### [Material provided]
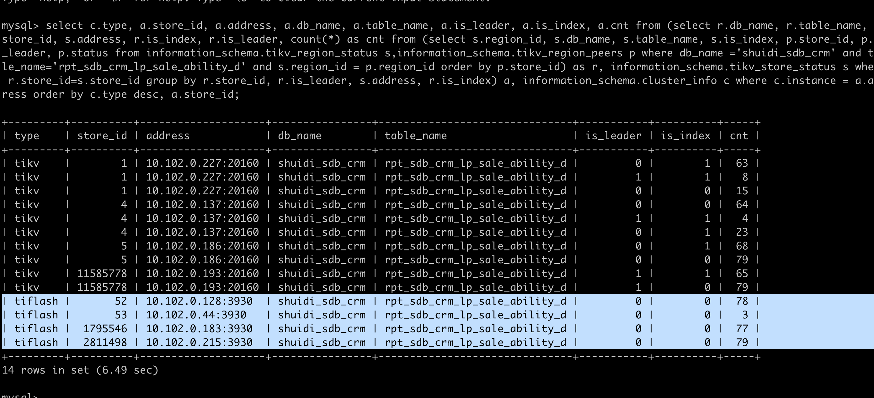 【背景】 9.14号凌晨把tiflash表从2副本,改成3副本
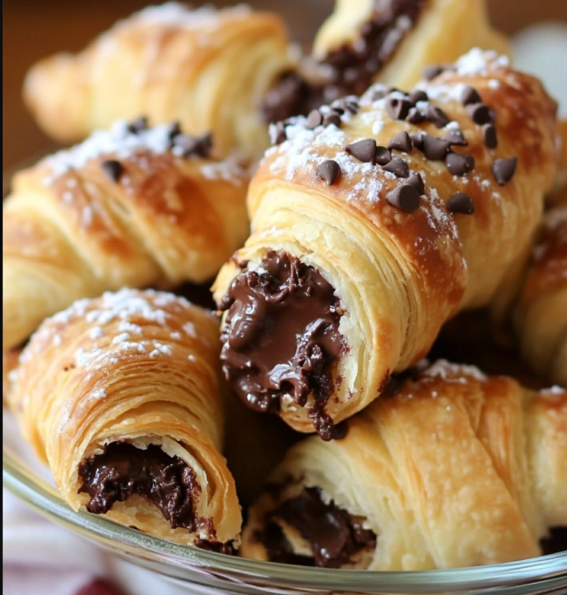 These crescents are best enjoyed warm, straight from the oven. The melted chocolate inside will be irresistibly gooey!
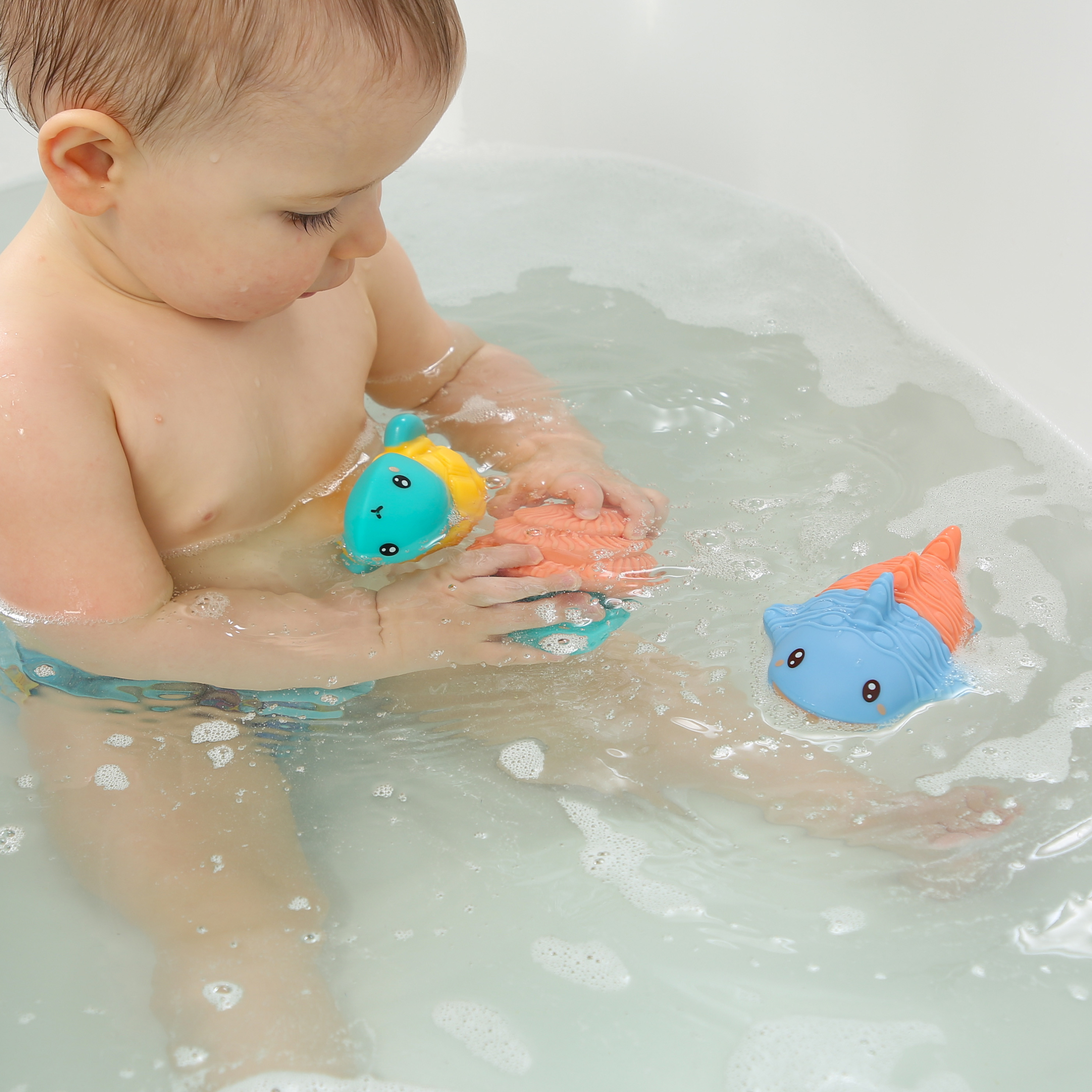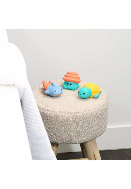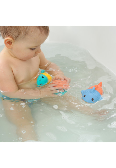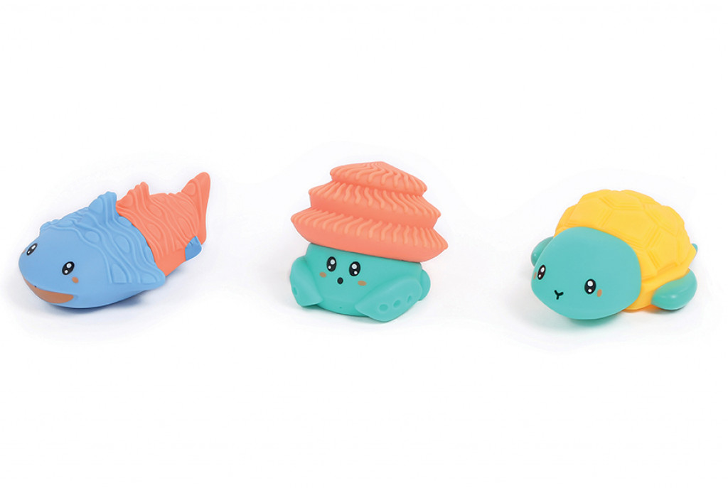 Tři dvoudílné šroubovací hračky v podobě žraloka, želvy a kraba zajistí vašemu dítěti spoustu zábavy při koupání. Horní a spodní díly hraček lze spolu libovolně kombinovat a vytvářet tak pokaždé jiné figurky. Při zmáčknutí hračky stříkají vodu pro ještě více zábavy ve vaně. Dvoudílné provedení umožňuje hračky po skončení koupele rozšroubovat, důkladně opláchnout a nechat zcela vyschnout.
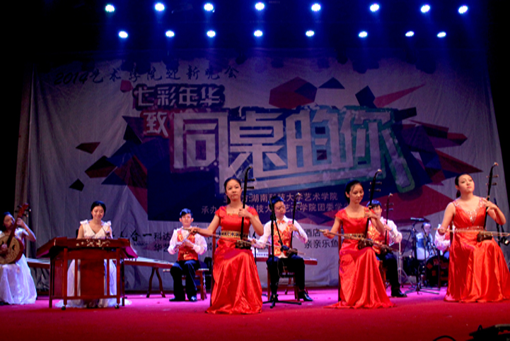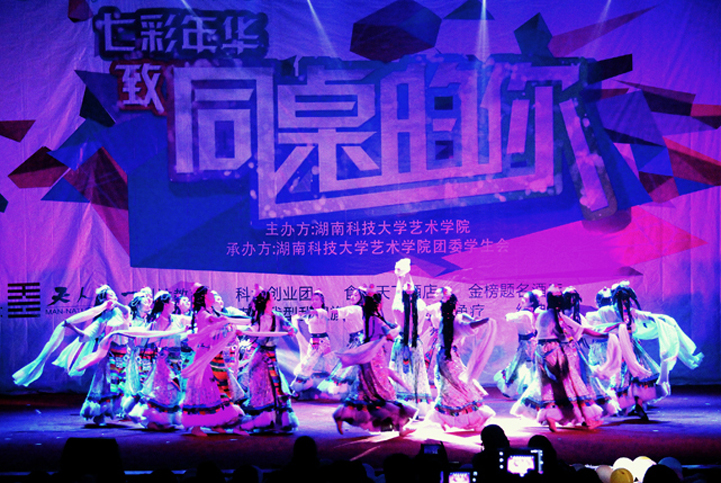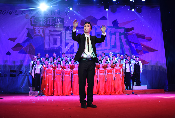 10月15日晚,我院2014级“天人合一·七彩年华致同桌的你”迎新晚会在我校南区俱乐部隆重举行。副校长刘友金、施式亮、正校级督导曹晨忠、校党委宣传部部长何频、学生工作处处长李红革、湘潭市文联党组书记陈志光、艺术学院党委书记张琳、副院长李毅松、邹正洪、尹建国、熊晓辉以及艺术学院党委副书记罗登辉出席了本台晚会,参加晚会的还有湘潭市文联、湘潭市财政局、湘潭市电视台、学校各机关处室和各学院的老师。 本次晚会在防空警报乐队动感激扬的旋律中正式拉开了序幕。绚丽多彩的舞蹈,饱含深情的歌唱,舞起乐鸣,各节目在掌声中轮番登场。清脆嘹亮的《红旗颂》与一曲曲脍炙人口的流行歌曲演唱,都展示了我院同学扎实专业的唱功。不仅如此,舞蹈类节目同样震撼人心。女子群舞《金陵十三钗》颇获好评,将电影的画面还原到舞台,极富张力的表演把音乐与舞蹈相融合,感染力十足。随着枪响,演员倒地,悲伤之感油然而生,撼动着观众的灵魂,舞蹈结束,余韵犹在。紧接着的齐舞《红蓝军》用英姿飒爽,干净利落的舞姿体现了刚毅的军人气质,让我们看到了军旅生活的艰辛和中国军队的无所畏惧,更是将现场氛围推至高潮。小合奏《幽灵公主》把轻柔的钢琴,悠扬的小提琴,空灵的古筝,古朴的二胡完美的融合在一起仿佛在跟我们诉说幽灵公主的悲伤,扣人心弦。值得一提的还有本次晚会的特别节目—微博抽奖。我院独创的微博墙使同学们更好的参与到本次晚会。我们的压轴大合唱曲《大漠之夜》,在男女声低沉的哼唱中用空灵的歌声为观众呈现了在无边沙漠夜晚,描绘出宁静、苍凉而又壮美的画卷,展现了时代精神和民族风貌,体现了团结协作之重要,具有深刻的含义。歌舞结合,演绎了一个青春洋溢的舞台,上演了一场激情荡漾的盛会,留下了一次震颤心灵的回忆。 本次迎新晚会充分展示了我院学生的风彩与活力,同时也展现出我院学生之间浓厚的同窗情谊与集体精神。 (文/李慧瑶 李心如 图/周孜琦 伦可莹 吉孝涛)

### [To do]
Nothing but the lines from the first line of the listing above to the line containing "Tři dvoudílné šroubovací" should appear in the answer, each one exact and with no pictures.

### [Worked solution]
 【背景】 9.14号凌晨把tiflash表从2副本,改成3副本
 These crescents are best enjoyed warm, straight from the oven. The melted chocolate inside will be irresistibly gooey!
 Tři dvoudílné šroubovací hračky v podobě žraloka, želvy a kraba zajistí vašemu dítěti spoustu zábavy při koupání. Horní a spodní díly hraček lze spolu libovolně kombinovat a vytvářet tak pokaždé jiné figurky. Při zmáčknutí hračky stříkají vodu pro ještě více zábavy ve vaně. Dvoudílné provedení umožňuje hračky po skončení koupele rozšroubovat, důkladně opláchnout a nechat zcela vyschnout.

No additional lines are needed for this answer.